After that we fashioned a litter from the tent and its poles, and placed Maram upon it. We covered him against the rising sun. A little more work sufficed to secure the litter to one of the pack-horses, who would drag it atilt across the sand.
Then we set out again toward the northwest. We were all so tired that we had to fight to keep from falling off our horses. Maidro announced that we had so little water left, we must forbear eating altogether. None of us, I thought, except perhaps Kane, had any appetite left. I couldn't think of food; in truth, I could hardly think of water. As we made our way miles farther into the glaring sands of the Tar Harath, all my attention concentrated on Maram. Bound to his litter and wrapped up like a mummy that remained somehow alive, he moved up one dune and down the next; from time to time, he would call out to us a single word: 'Vraddi!'
And then there came a time when he called out no more. Master Juwain dismounted and determined that Maram had fallen into the deep sleep that sometimes precedes the even deeper sleep of death.

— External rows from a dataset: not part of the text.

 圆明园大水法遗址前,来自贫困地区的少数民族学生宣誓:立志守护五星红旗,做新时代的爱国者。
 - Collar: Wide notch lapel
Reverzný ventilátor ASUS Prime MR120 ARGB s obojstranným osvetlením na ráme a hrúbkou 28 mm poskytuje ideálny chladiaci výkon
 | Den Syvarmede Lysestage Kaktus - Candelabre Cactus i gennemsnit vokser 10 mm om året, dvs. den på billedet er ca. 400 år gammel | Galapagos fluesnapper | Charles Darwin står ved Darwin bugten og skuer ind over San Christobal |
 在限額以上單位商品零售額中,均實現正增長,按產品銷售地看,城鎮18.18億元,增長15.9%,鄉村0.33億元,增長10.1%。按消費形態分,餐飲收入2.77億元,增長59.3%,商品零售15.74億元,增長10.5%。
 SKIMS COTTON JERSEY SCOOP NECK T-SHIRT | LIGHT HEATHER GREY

'Even if Estrella can find water,' Sunji said to me as we crested one of the endless dunes, 'I don't think it will help Maram now.'
'I don't think the udra mazda will find water,' Maidro said. He sat on his wasted horse staring out at the sun-seared distances. 'It is growing only hotter, and the glare more hellish by the mile.'
Estrella, almost as weak as a newborn, found the strength to urge her horse onward, across the blazing sands. I followed her; I tried to follow my dimly-remembered sense that there was a union of opposites: good and evil; brightness and dark; moisture and drought.

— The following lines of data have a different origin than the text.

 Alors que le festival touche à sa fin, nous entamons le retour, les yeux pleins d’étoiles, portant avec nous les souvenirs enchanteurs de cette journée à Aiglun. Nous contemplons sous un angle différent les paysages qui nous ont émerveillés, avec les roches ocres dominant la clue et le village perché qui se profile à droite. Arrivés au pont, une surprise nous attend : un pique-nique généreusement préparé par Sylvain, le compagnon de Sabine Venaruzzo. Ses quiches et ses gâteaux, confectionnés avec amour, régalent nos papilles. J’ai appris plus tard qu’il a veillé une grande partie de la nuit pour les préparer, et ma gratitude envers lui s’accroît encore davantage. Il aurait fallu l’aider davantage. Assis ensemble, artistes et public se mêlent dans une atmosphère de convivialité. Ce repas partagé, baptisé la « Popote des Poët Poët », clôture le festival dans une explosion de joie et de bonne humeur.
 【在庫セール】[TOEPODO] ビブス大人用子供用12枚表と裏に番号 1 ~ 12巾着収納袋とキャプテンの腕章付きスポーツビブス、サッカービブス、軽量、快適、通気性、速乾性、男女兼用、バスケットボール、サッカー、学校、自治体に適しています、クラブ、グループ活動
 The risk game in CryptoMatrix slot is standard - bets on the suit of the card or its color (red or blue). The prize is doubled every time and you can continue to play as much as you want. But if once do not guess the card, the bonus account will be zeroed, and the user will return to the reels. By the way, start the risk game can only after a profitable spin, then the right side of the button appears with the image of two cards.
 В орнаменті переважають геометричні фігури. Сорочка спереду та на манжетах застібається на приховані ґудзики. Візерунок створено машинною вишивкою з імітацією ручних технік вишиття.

Then we came up on top of another dune, and my urge to turn back from the fiery wasteland before us burned me like the kirax in my blood. I felt this urge to retreat flaring inside my compan- ions and the four Avari, as well. I was so tired, fevered and thirsty that I could barely see. It seemed that We were riding on and on into a wavering emptiness. The air was sick with flat; it seemed to bend the hellish light and distort it in strange ways. Mirages swirled in the distance and then vanished into nothingness.

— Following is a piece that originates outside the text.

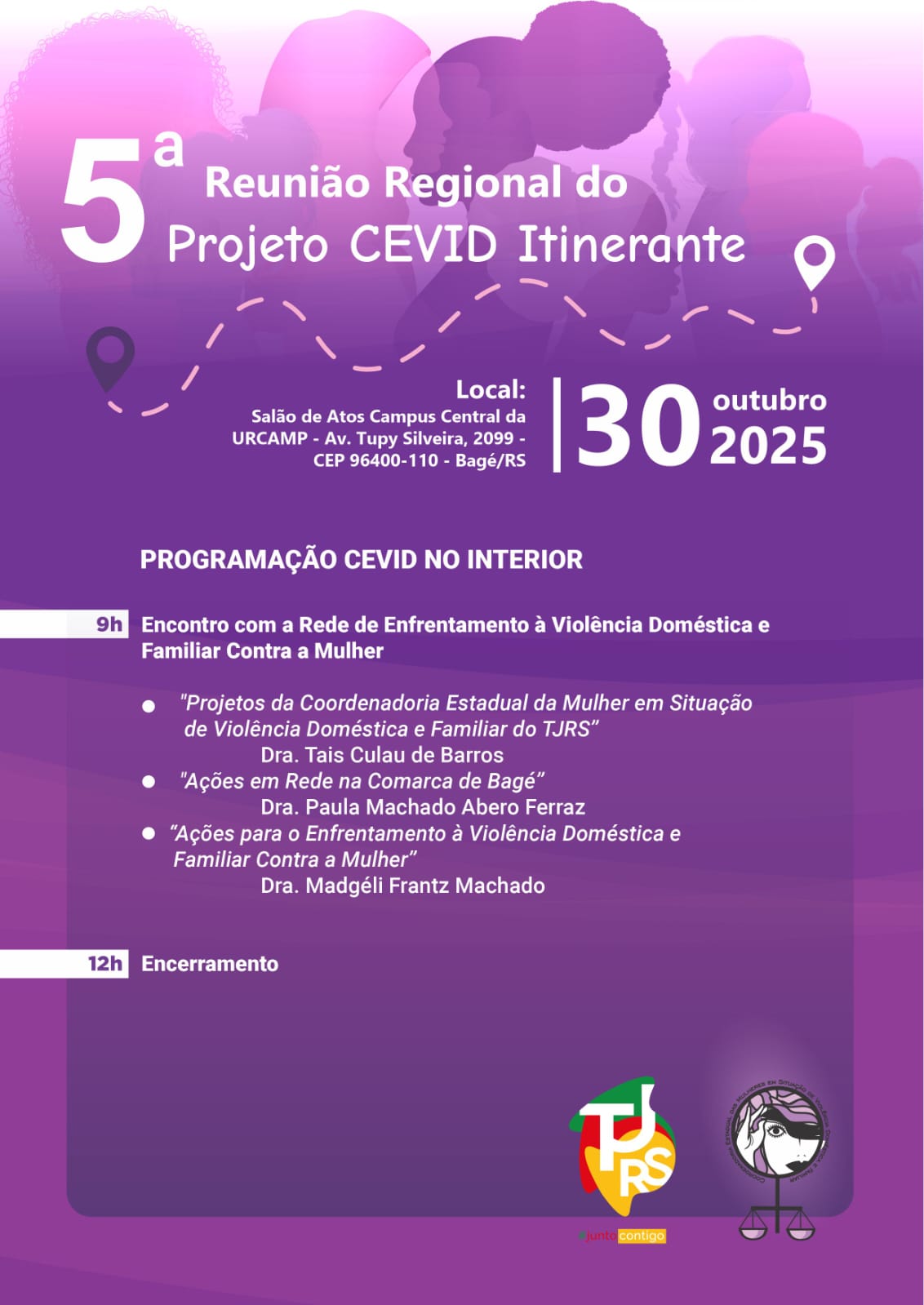 A reunião ocorrerá a partir das 9h, no Salão de Atos do Campus Central da Urcamp, e tem como propósito fortalecer as redes regionais de enfrentamento à violência doméstica e familiar contra a mulher. A atividade reunirá magistradas e magistrados, representantes do Ministério Público, Defensoria Pública, forças de segurança, órgãos municipais e estaduais, além de instituições de ensino, em um encontro técnico e interinstitucional.
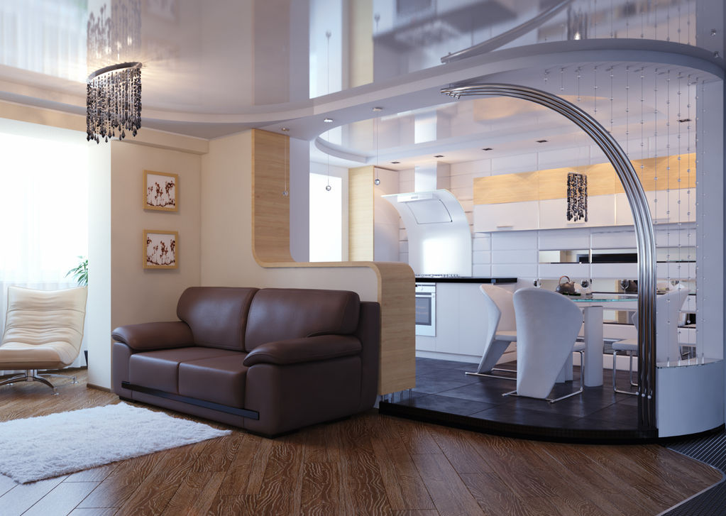 - Für das Wohnzimmer und die Küche können Sie auch glänzende Materialien verwenden.Heute sind sie eine Demonstration des technologischen Interieurs, gut aussehen mit der Unterstützung in Form von glänzenden Beschichtungen von Möbeln oder Accessoires.

Something powerful seized hold of me, as of a great hand wrapped around my spine. I knew that I had experienced this strange sensation before, but I could not quite remember where. And then Estrella pointed into the heart of the terrible brilliance ahead of us. In the shimmering light there, I thought could make out flashes of green that looked like trees.
'The sun has addled your wits,' Sunji said to me when I mentioned this. He squinted into the dazzling distances and shook his head. 'It is the madness that precedes sunstroke. We should pitch our tents and take shelter before it grows even hotter.'
I gazed down at Maram, bound to his litter, and I said, 'No, we must go on.'
It was Master Juwain who noticed the clouds above us: all puffy and white, and drifting in from the east, west and south toward a point just beyond the impossibly bright horizon.
'Strange,' Master Juwain murmured. 'How very strange!'
Liljana, who sat next to him on top of her exhausted horse, seemed to read his thoughts, and she said, 'Can it be that one of the Vilds lies here?'
At the look of puzzlement in Sunji's and Maidro's eyes, she told of the magic woods called Vilds that could be found at certain secret places in the world.